If she ultimately decides she isn't interested (which is what I would expect, if her "conditions" are really as strict as they've been made out to be), your friend Jake will have a much harder time blaming you for it - after all, it was her choice in the end.
 

fanboy2000

Adventurer
Something like this might be good: "Hey Jane! So, I heard you wanted to join the game, and there are a couple of things you might want to know. First is that we swear. I understand that you might be uncomfortable with that, and it's important that you know that going in. Now we don't swear every other word, but it does happen and I don't want you to be surprised.

The second thing is that this is a fantasy game where fantasy gods are worshiped. I don't know how important that might be to you, but it's a fundamental part of the game and you should understand that. If it helps, this isn't historical Earth. In fact, it's not Earth at all. If that doesn't help, I suggest that you think long and hard before joining the game."

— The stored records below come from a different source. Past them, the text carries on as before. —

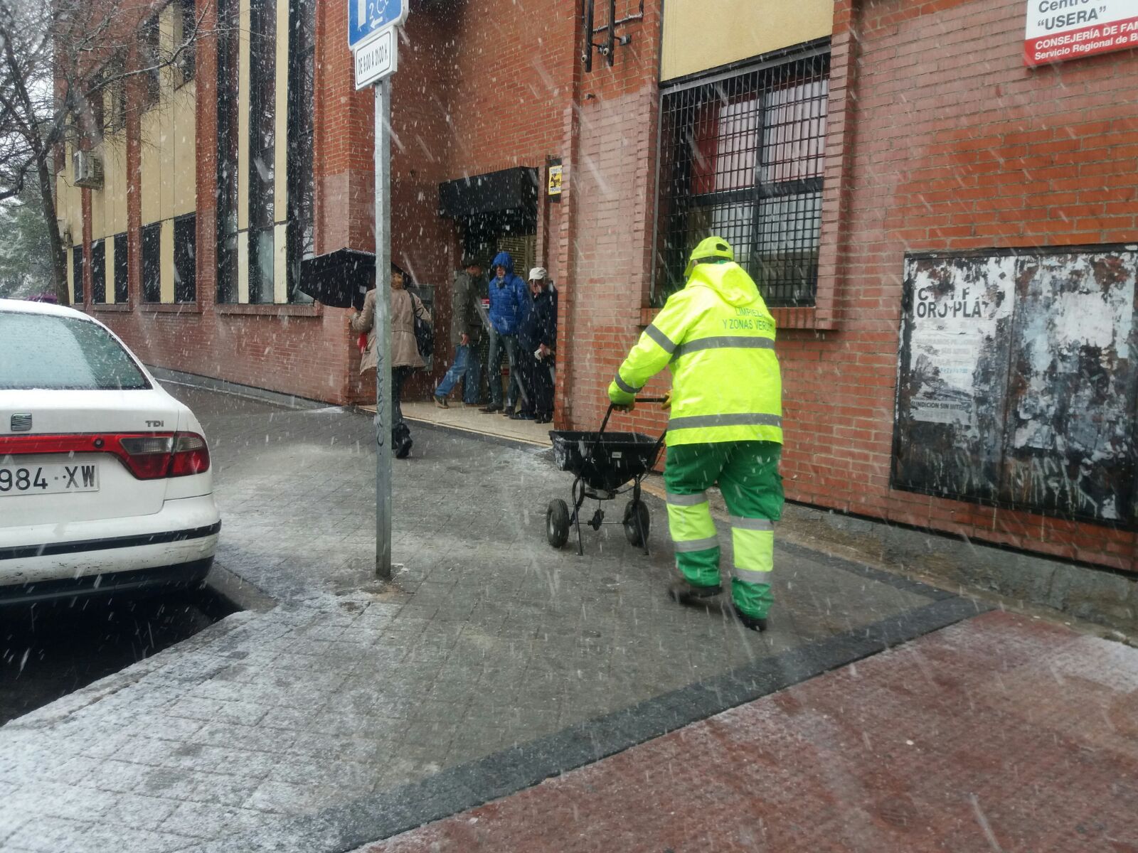 - Por la tarde se ha reforzado el servicio para retirar la nieve, hacer caminos en aceras y esparcir más sal con prioridad para los puntos de especial afluencia
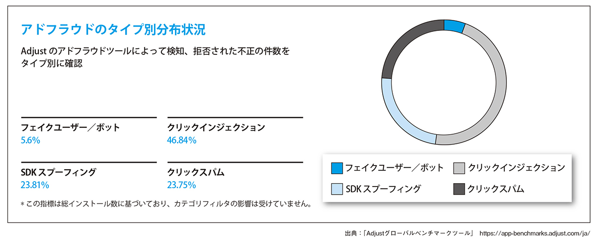 我々のツールは計測しレポーティングするだけでなく、リアルタイムでそのアドフラウドの発生を検出し、除外するのが特徴です。同時期の全有料インストール数の7.3%を我々のツールで拒否したものの、それはあくまで当社のツールを導入している企業の広告に発生したフラウドにとどまります。当社では世界の全トラフィックのうち10〜20%がフラウドだと推測していますが、仮に2018年のモバイル広告費が1兆円だとすると、10%ならば1,000億円の広告費が不正業者に流れていることになります※1。これは、決して看過できない数字です。
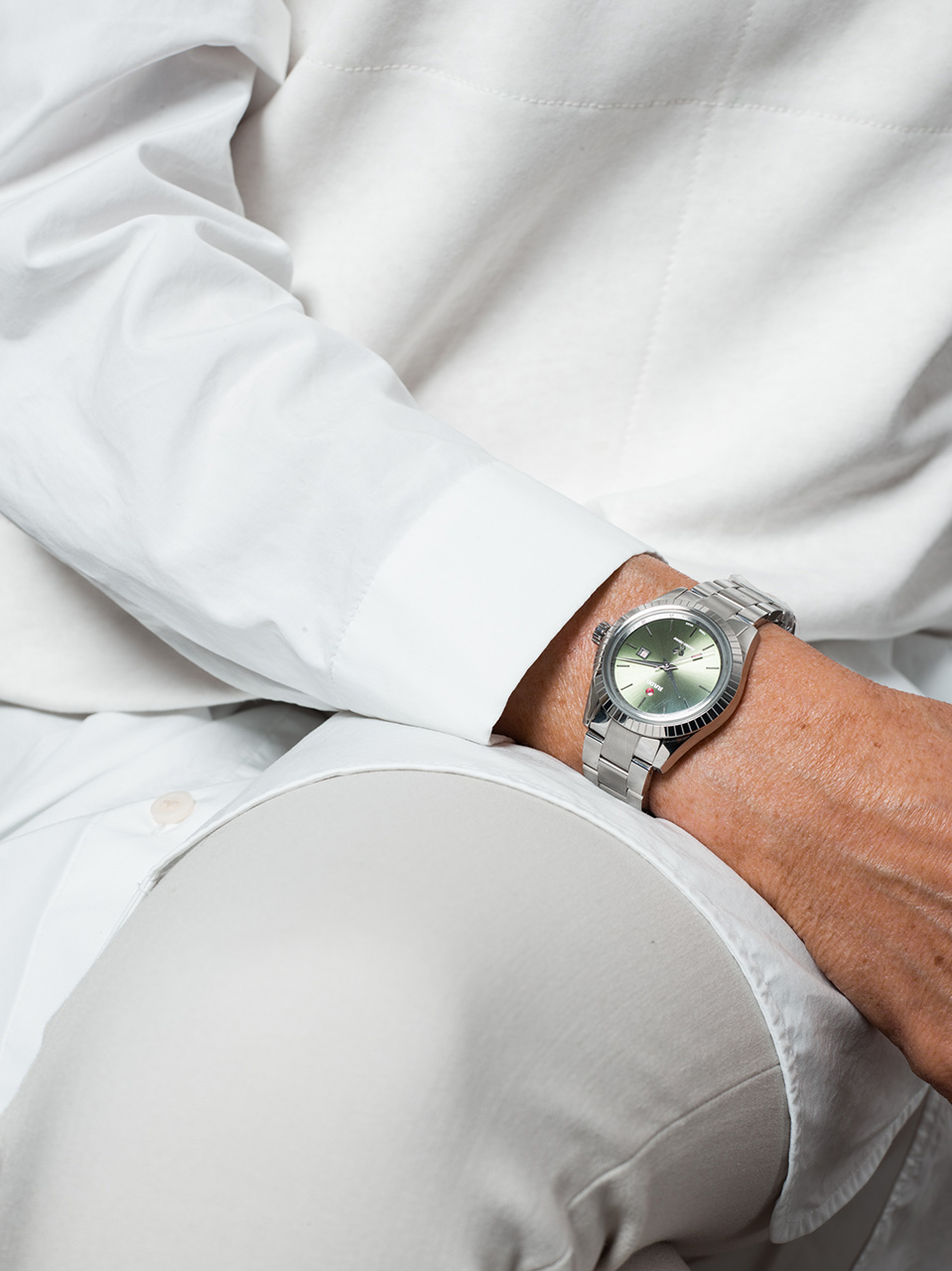 Модели диаметром 42 мм представлены с темно-серым, синим, зеленым и серебристым циферблатом и могут быть оснащены браслетом на ваш выбор: кожаным ремешком, трехзвенным браслетом или браслетом из нержавеющей стали с узором «рисовое зерно». Современные технологии в сфере часового производства позволяют производить замену ремешков без использования специальных инструментов. Эти массивные модели часов оснащены швейцарским автоматическим часовым механизмом ETA C07, который обеспечивает увеличенный запас хода до 80 часов.

Generally, you need to 1) inform her of things you think she might have a problem with, and 2) give her a chance to think about them and either mentally prepare herself of back-out.

With Jake, I highly suggest you say something like: "Hey Jake. I like having you in the group, but I'm a afraid that you're going to change how you play if I let Jane in. I really like the way you play your character and I don't want you change because someone else is here."

After you say that, Jake will profusely assure you that he won't change the way the he plays if Jane comes in. Of course, he will change his play style, but he'll be aware of it and will try not to.

If Jake and Jane are aware of your concern, they'll take that into account before having Jane join. Also, they'll have to decide if they're willing overcome your reservations.

Alternatively, if your not willing to risk Jane ruining your game, you can just say no. When asked why, give the same reasoning you gave us: "I have an ambiance that both [the other] players and I enjoy."
 

Quickleaf

Legend
Generally, you need to 1) inform her of things you think she might have a problem with, and 2) give her a chance to think about them and either mentally prepare herself of back-out.
Having been in a very similar situation before, I agree with fanboy. I also would add that you might want to screen Jane's compatability with the group at a potluck or any non-D&D activity your group does together. Or if you're positive you're going to welcome her to the group already, have her sit in on a session as an observor (keep this session short) and see if she's interested in joining after watching your style of game.